The data →
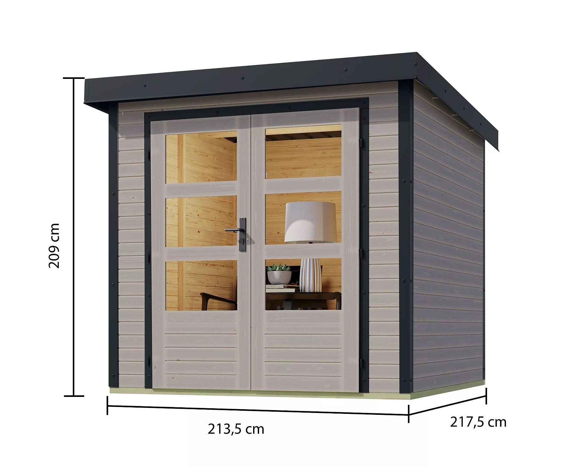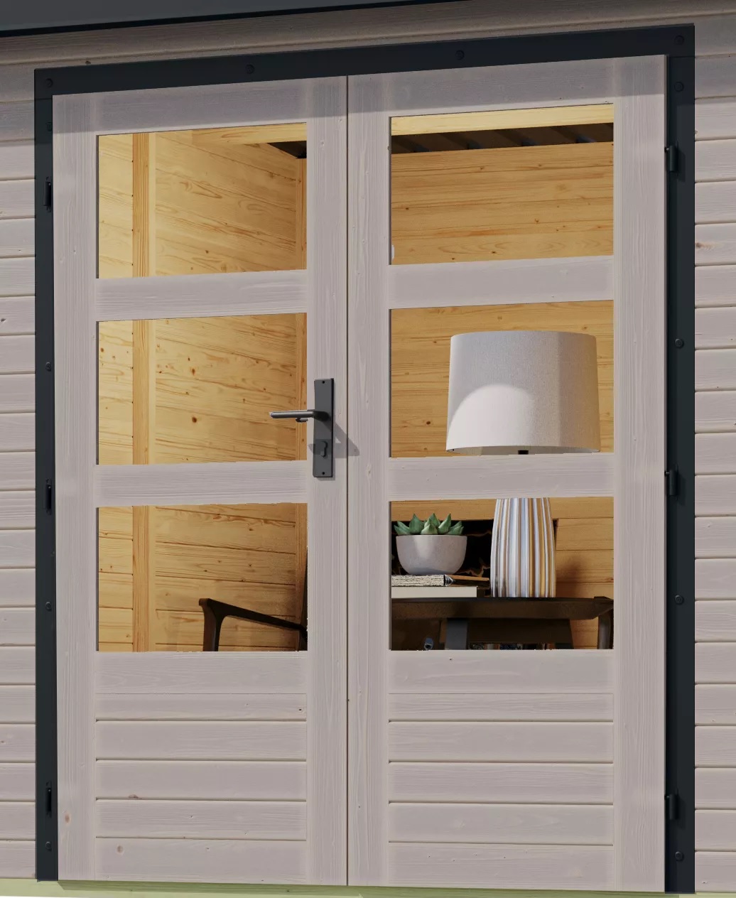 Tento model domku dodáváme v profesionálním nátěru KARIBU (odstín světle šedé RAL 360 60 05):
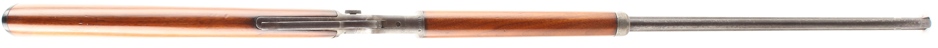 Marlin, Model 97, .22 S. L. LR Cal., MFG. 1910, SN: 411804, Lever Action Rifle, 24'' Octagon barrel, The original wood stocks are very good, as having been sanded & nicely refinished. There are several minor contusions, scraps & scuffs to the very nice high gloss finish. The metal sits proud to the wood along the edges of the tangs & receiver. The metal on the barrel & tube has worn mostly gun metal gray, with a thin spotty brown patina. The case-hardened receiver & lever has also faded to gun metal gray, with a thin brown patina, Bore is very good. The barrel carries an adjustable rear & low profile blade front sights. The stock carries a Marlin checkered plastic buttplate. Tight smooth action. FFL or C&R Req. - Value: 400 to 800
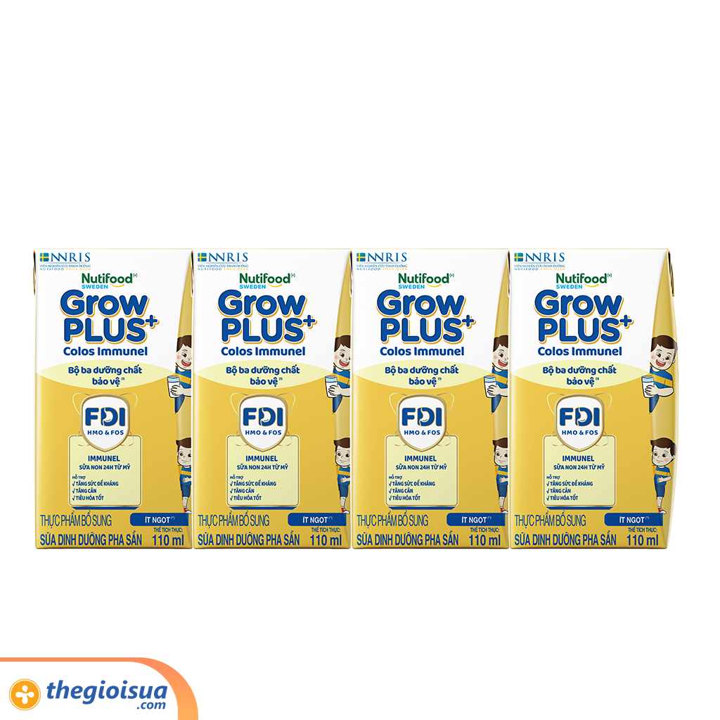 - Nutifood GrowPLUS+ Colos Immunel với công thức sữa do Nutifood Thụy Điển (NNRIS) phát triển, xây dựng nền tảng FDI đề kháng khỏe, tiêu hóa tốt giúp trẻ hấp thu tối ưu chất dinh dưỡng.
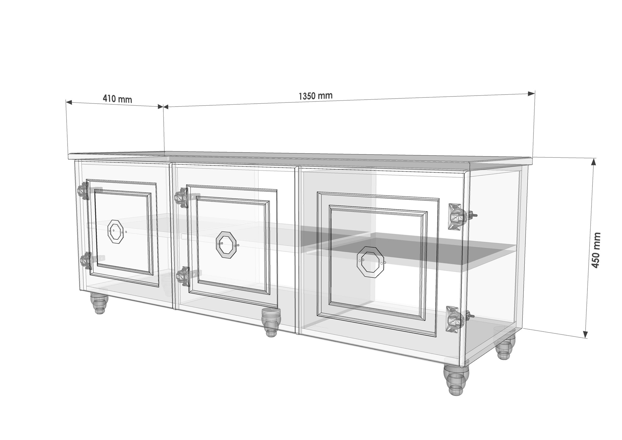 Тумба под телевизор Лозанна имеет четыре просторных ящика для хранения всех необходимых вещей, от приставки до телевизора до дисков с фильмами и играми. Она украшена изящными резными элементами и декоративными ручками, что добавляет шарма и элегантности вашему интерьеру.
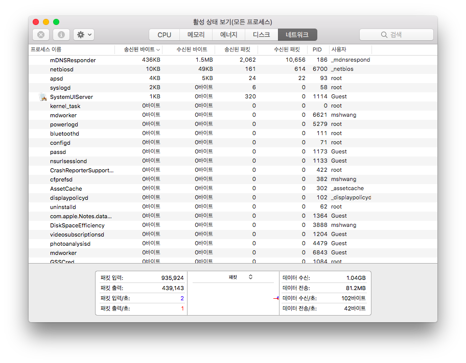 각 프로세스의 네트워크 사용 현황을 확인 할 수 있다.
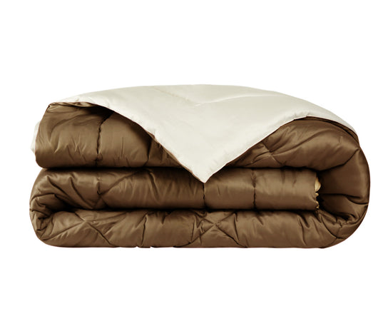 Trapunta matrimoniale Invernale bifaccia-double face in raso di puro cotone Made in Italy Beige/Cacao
...
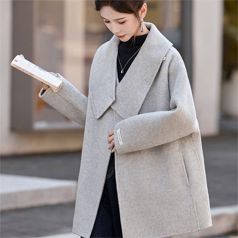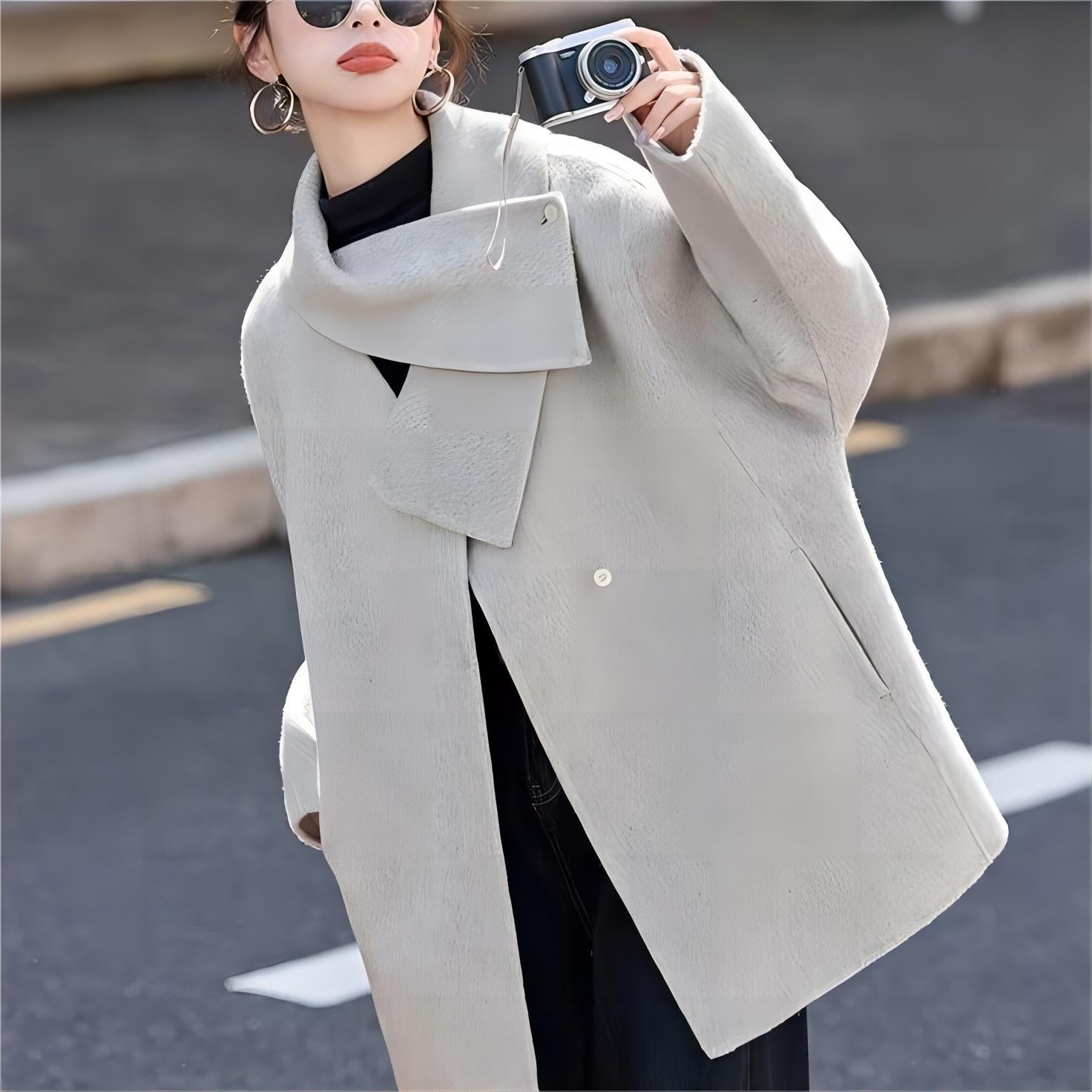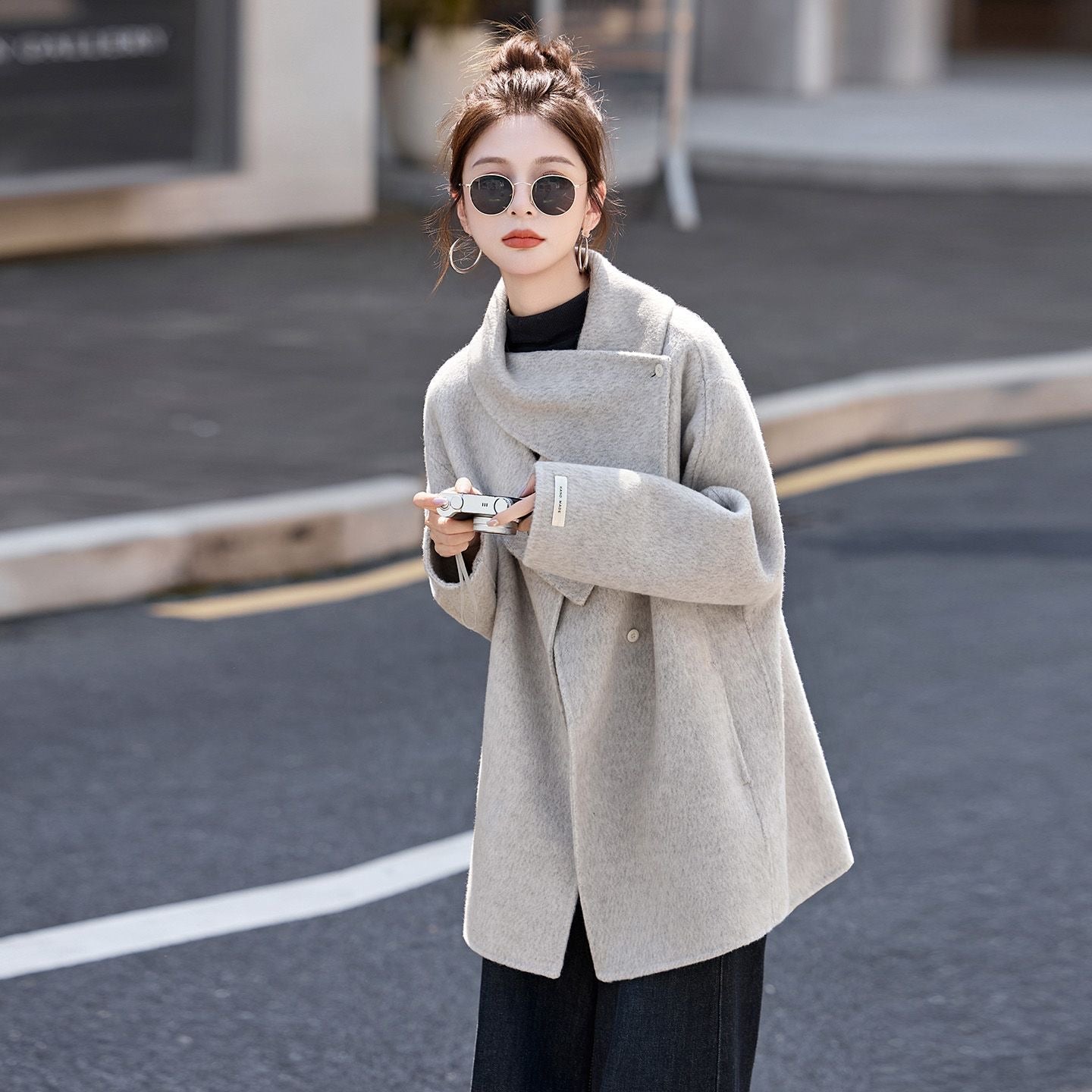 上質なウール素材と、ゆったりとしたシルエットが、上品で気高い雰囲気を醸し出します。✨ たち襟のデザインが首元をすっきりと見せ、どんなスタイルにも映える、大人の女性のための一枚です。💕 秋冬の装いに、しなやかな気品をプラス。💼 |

The problem → Both boundary lines included, write out word for word only the lines above from the one containing "Tento model domku" to the one containing "Marlin, Model 97, .22", leaving out any pictures.

Solution to the exercise →
 Tento model domku dodáváme v profesionálním nátěru KARIBU (odstín světle šedé RAL 360 60 05):
 Marlin, Model 97, .22 S. L. LR Cal., MFG. 1910, SN: 411804, Lever Action Rifle, 24'' Octagon barrel, The original wood stocks are very good, as having been sanded & nicely refinished. There are several minor contusions, scraps & scuffs to the very nice high gloss finish. The metal sits proud to the wood along the edges of the tangs & receiver. The metal on the barrel & tube has worn mostly gun metal gray, with a thin spotty brown patina. The case-hardened receiver & lever has also faded to gun metal gray, with a thin brown patina, Bore is very good. The barrel carries an adjustable rear & low profile blade front sights. The stock carries a Marlin checkered plastic buttplate. Tight smooth action. FFL or C&R Req. - Value: 400 to 800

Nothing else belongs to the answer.